Venom properties and personality in spiders

In venomous animals, venom production involves high metabolic costs (Evans et al., 2019; Nisani et al., 2007, 2012), but it also plays an important role in survival (Cooper et al., 2015). Venom production and composition, and their associated costs, are known to be affected by different extrinsic factors, including diet, habitat, climate (Boevé et al., 1995; Cooper et al., 2015), season (Atkinson & Walker, 1985), niche specialization (Bergmüller & Tab orsky, 2010; Michalko et al., 2017; Michalko & Pekar, 2014), and predation risk (Gangur et al., 2017). For example, in the funnel‐web spider, Atrax sutherlandi, the venom yield from spiders collected in winter, is higher than that collected in autumn, suggesting temporal variation in venom production within the species (Wong et al., 2016).

In addition, differences in the quantity and quality of venom are affected by different intrinsic factors (e.g., hunger level, Hayes, 1993; life‐history stage; Herzig, 2010), metabolic rate (Kowalski & Rychlik, 2018), hormone concentration (Gomes & Palma, 2016; Lira et al., 2017; Zhang et al., 2017), body size (Fox, 2018; Rocha‐e‐Silva et al., 2009), genes (Case well et al., 2013; Hargreaves et al., 2014), sex (Zobel‐Thropp et al., 2018), and/or ontogeny (Boevé et al., 1995). For example, sexual dimorphism in venom profiles is seen in the orb‐weaver, Tetragnatha versicolor, which is thought to play a role in sexual communication (Zobel‐Thropp et al., 2018), while venom composition in the tarantula Phlogius crassipes changes during development from the juvenile stage through to adulthood and continues to change throughout adulthood (Santana et al., 2017).
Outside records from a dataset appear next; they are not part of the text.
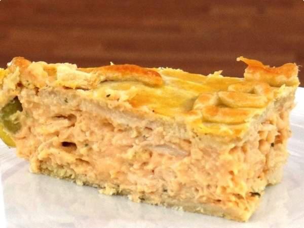 6°- Numa assadeira forre o fundo e as laterais com ¾ de massa (reservada acima), coloque o creme de frango, distribua 15 azeitonas verdes sem caroço e cubra com ¼ de massa. Pincele 1 gema e leve ao forno alto pré-aquecido a 250°C por +/- 40 minutos. Retire do forno e sirva em seguida.
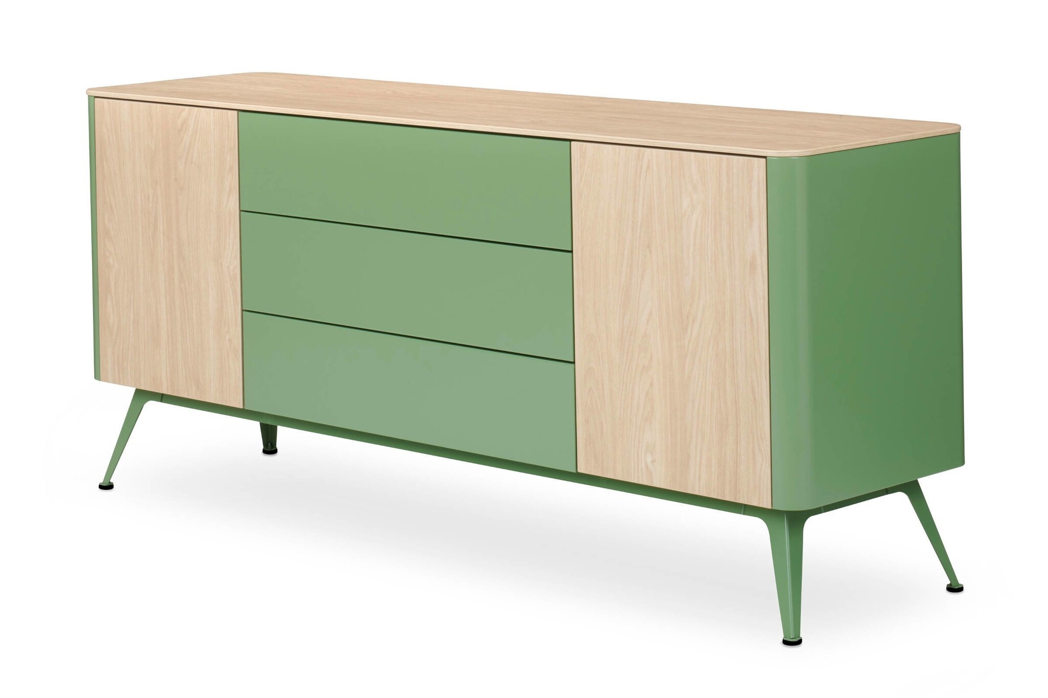 De indeling van het dressoir is naar keuze met deuren, laden of open vakken.
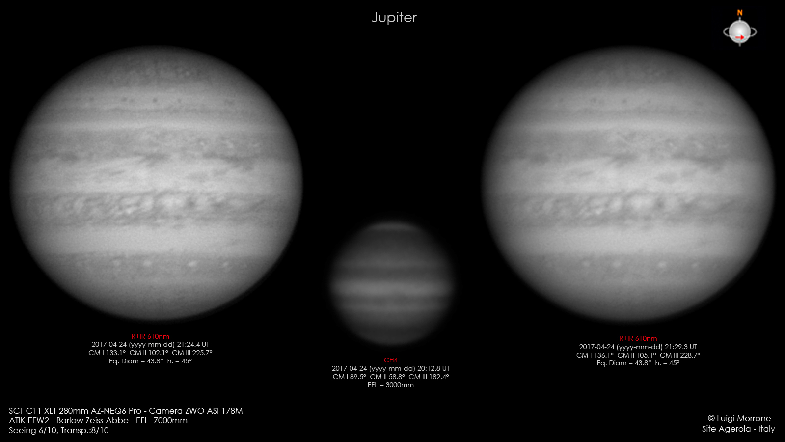 Ripresa di Giove con C11 XLT 280mm, Camera ASI 178M, AZ-NEQ6. Condizioni meteo caratterizzate da buona trasparenza.

However, how these extrinsic and intrinsic factors interact to affect morphology, physiology, and behavior are complex, and potentially species‐specific. For example, sex and development affect venom yield in the rainforest tarantula, Coremiocnemis tropix, whereas not the availability of food (Herzig, 2010). Orb‐web spiders, Tetragnatha versicolor, show sex differences in venom properties, ecological functions, and behaviors when they are threatened (Zobel‐Thropp et al., 2018). In the funnel‐web spider, A. robustus, the venom in males has higher mammalian neurotoxin activity than in females, but the toxins that cause the envenomation syndrome are only present during the male adult stage (Gray & Sutherland, 1978; Herzig et al., 2020; Wilson, 2016). While ecological and biological factors can influence these developmental changes in species in general (Sih et al., 2015), we do not yet know what specific intrinsic states trigger these changes in A. robustus males.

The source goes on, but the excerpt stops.